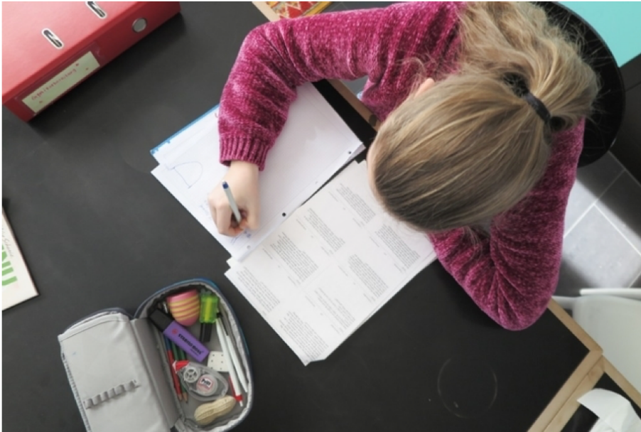
Jetzt fängt es erst an: Angehende Gymischülerin beim Lernen.

Nach der Aufnahmeprüfung kommt die Probezeit: Hier wird nochmals gefiltert – je nach Schule unterschiedlich stark.
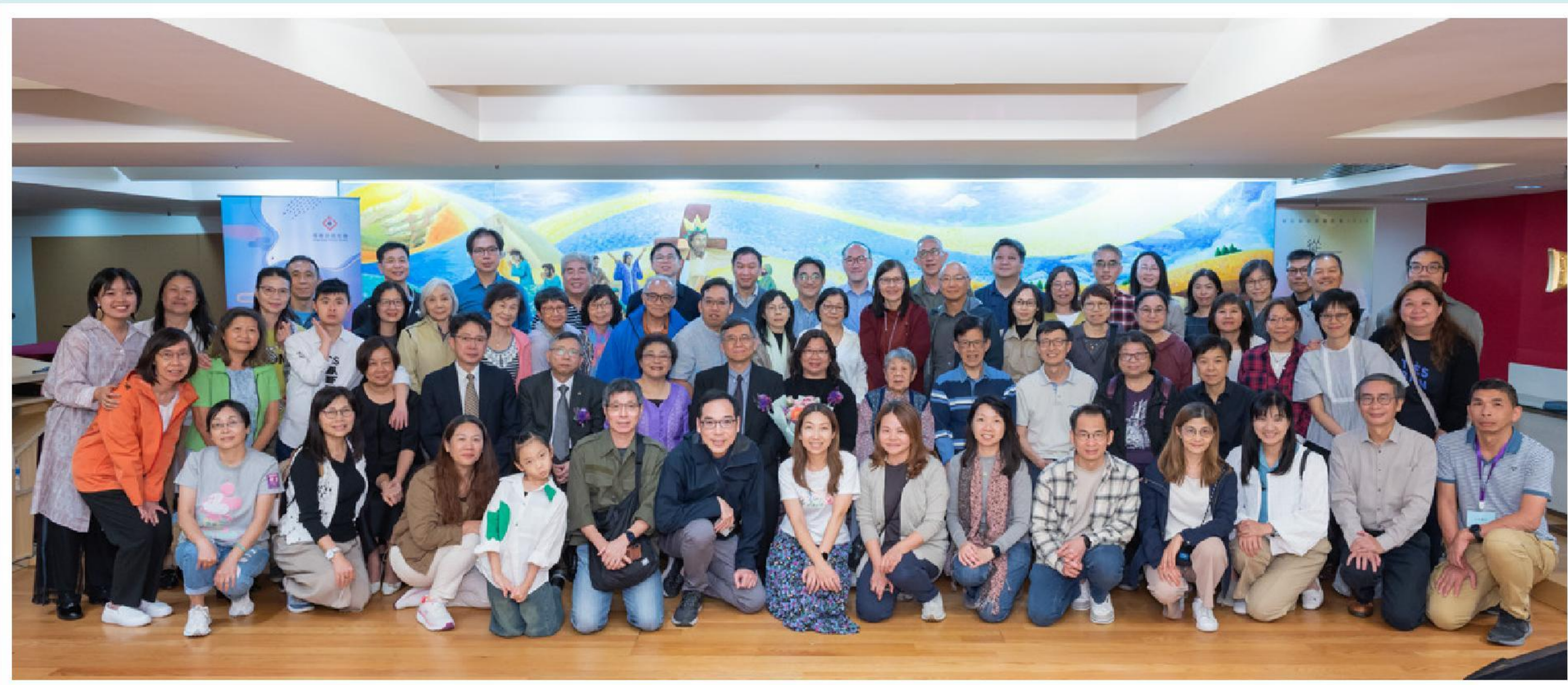
▲ 宣道會屯門堂系列同工及肢體

「第一階段是在香港牧會，當時我主要參與推動差傳教育，帶領短宣隊到宣教工場體驗，知道工場有不同的需要，並學習差傳認獻，但那時抱着旅遊心態，比較『不落地』。
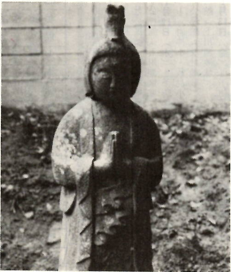
青柳町龍蔵寺大師堂うらにある丸彫馬頭観音

前橋の野仏たち 頭上にある馬のことを、「宝馬」と呼んでいます。この宝馬が四方を駆けめぐって、猛突進し生死の大海を飛び渡り、四魔を承伏する猛威力を表わし、そして無明のあらゆる障害を食い尽くされています。また馬頭観音は両手で異形の合掌をしているのです。その合掌は馬の口形をしているのです。これを「馬口印」と呼んでいます。
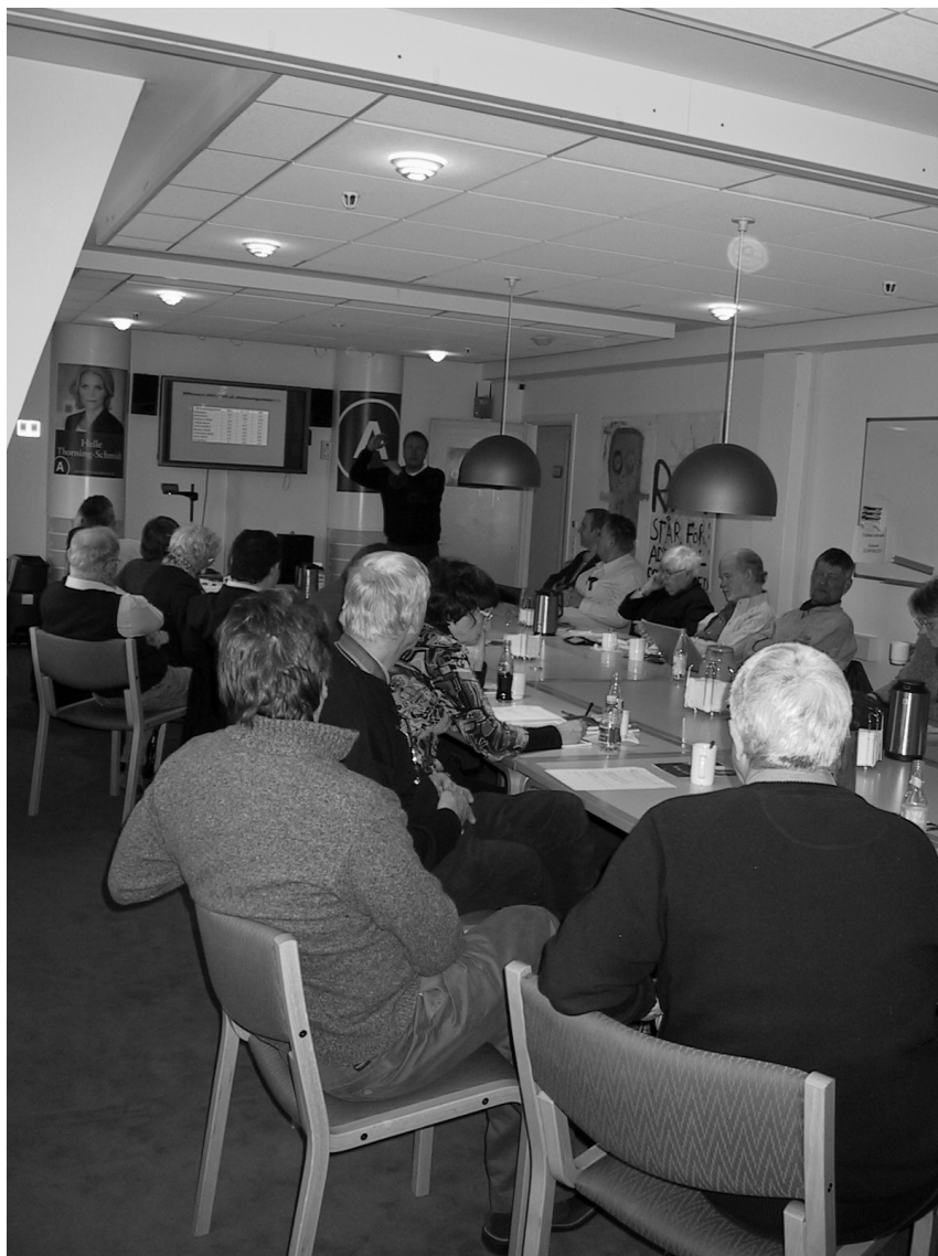
Morten Bødskov orienterer forsamlingen om, at der til næste valg skal gøres en ekstra indsats i Islev. Nederst fortæller storkredsens spidskandidat til EU-valget Claus Larsen-Jensen om sin valgstrategi.

”Alle idéer til at udvikle vores organisation skal frem og vi skal have planlagt en systematiseret og målrettet indsats blandt vores medlemmer, der ikke mindst ved en opsøgende indsats over for Islev-borgerne kan sikre os et ekstra mandat,” lød det fra Morten Bødskov, som ikke mindst i kraft af sin egen aktive indsats i kredsen har været med til at skaffe Socialdemokraterne stor vælgertilslutning på Vestegnen ved de sidste kommunal- og folketingsvalg. -md
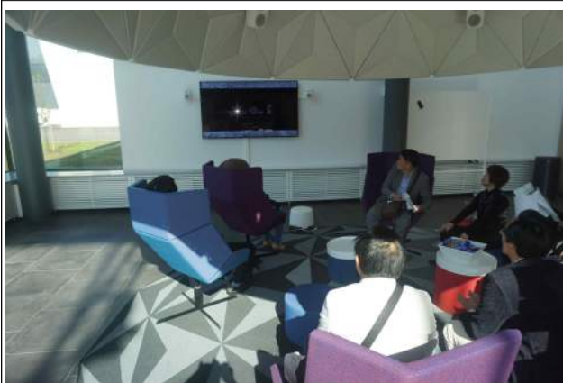
재활용하는 과정 시청
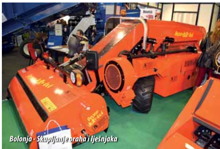
Bolonja - Skupljanje oraha i lješnjaka

strojevi za početnu obradu i očuvanje proizvoda, strojevi za stočarstvo, strojevi za agro-industrije, strojevi za transport proizvoda, dijelovi, pribor i rezervni dijelovi, oprema za vrtlarstvo i javne zelene površine, mali strojevi i ručno upravljani strojevi, razni strojevi za poljoprivredu, stočarstvo, strojevi i opreme za obnovljive izvore napajanja za poljoprivredu. Na oba sajma sam posjetio neke svo-
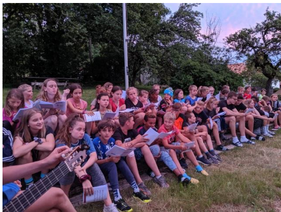
Gemeinschaft ist ein wichtiger Teil unserer Arbeit
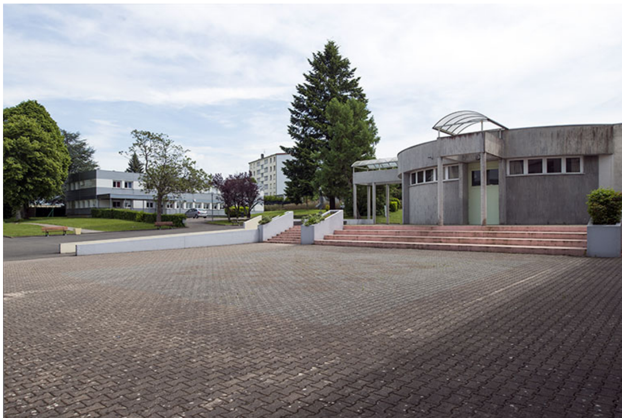
La cour et vue sur l'administration à l'est. 25, Bethoncourt impasse Camus
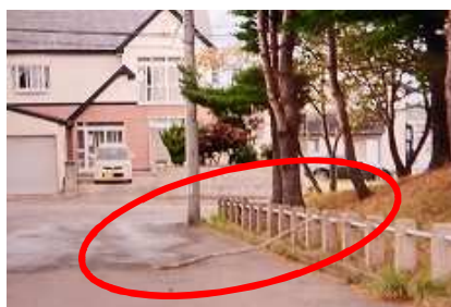
落下し飛び出した枯れ枝
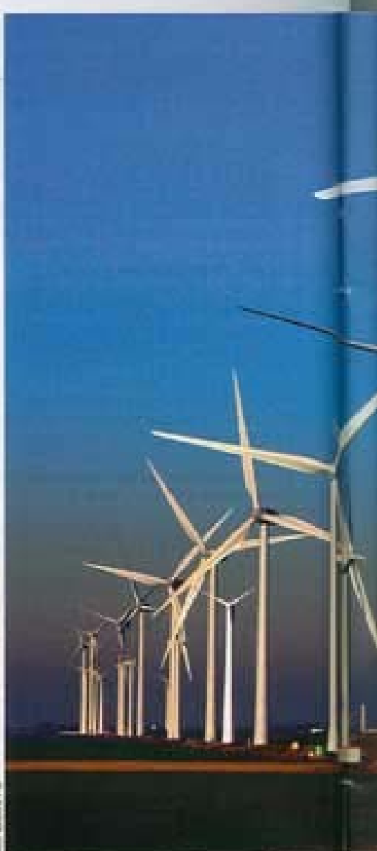
Windpark in Schleswig-Holstein: Widerstand

► Die durch Windenergie eingesparte Menge des klimaschädigenden Gases CO 2 könnte mit anderen Maßnahmen billiger erreicht werden.
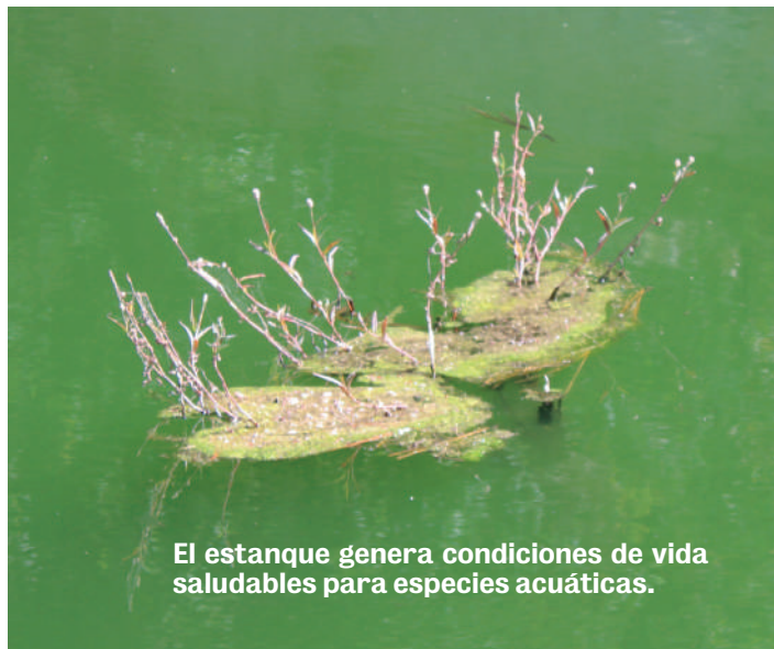
El estanque genera condiciones de vida saludables para especies acuáticas.

Alrededor del Seepage Pond existe un bosque donde muchas especies animales han hecho su hogar. Con la ampliación del canal y otras obras que están en construcción, sin duda, el brillo del color verde será más intenso.

########################################

Output only the lines above from the one containing "billiger erreicht werden." to the one containing "El estanque genera", both included, exactly as written and with no pictures.

(TASK SOLUTION)
► Die durch Windenergie eingesparte Menge des klimaschädigenden Gases CO 2 könnte mit anderen Maßnahmen billiger erreicht werden.
El estanque genera condiciones de vida saludables para especies acuáticas.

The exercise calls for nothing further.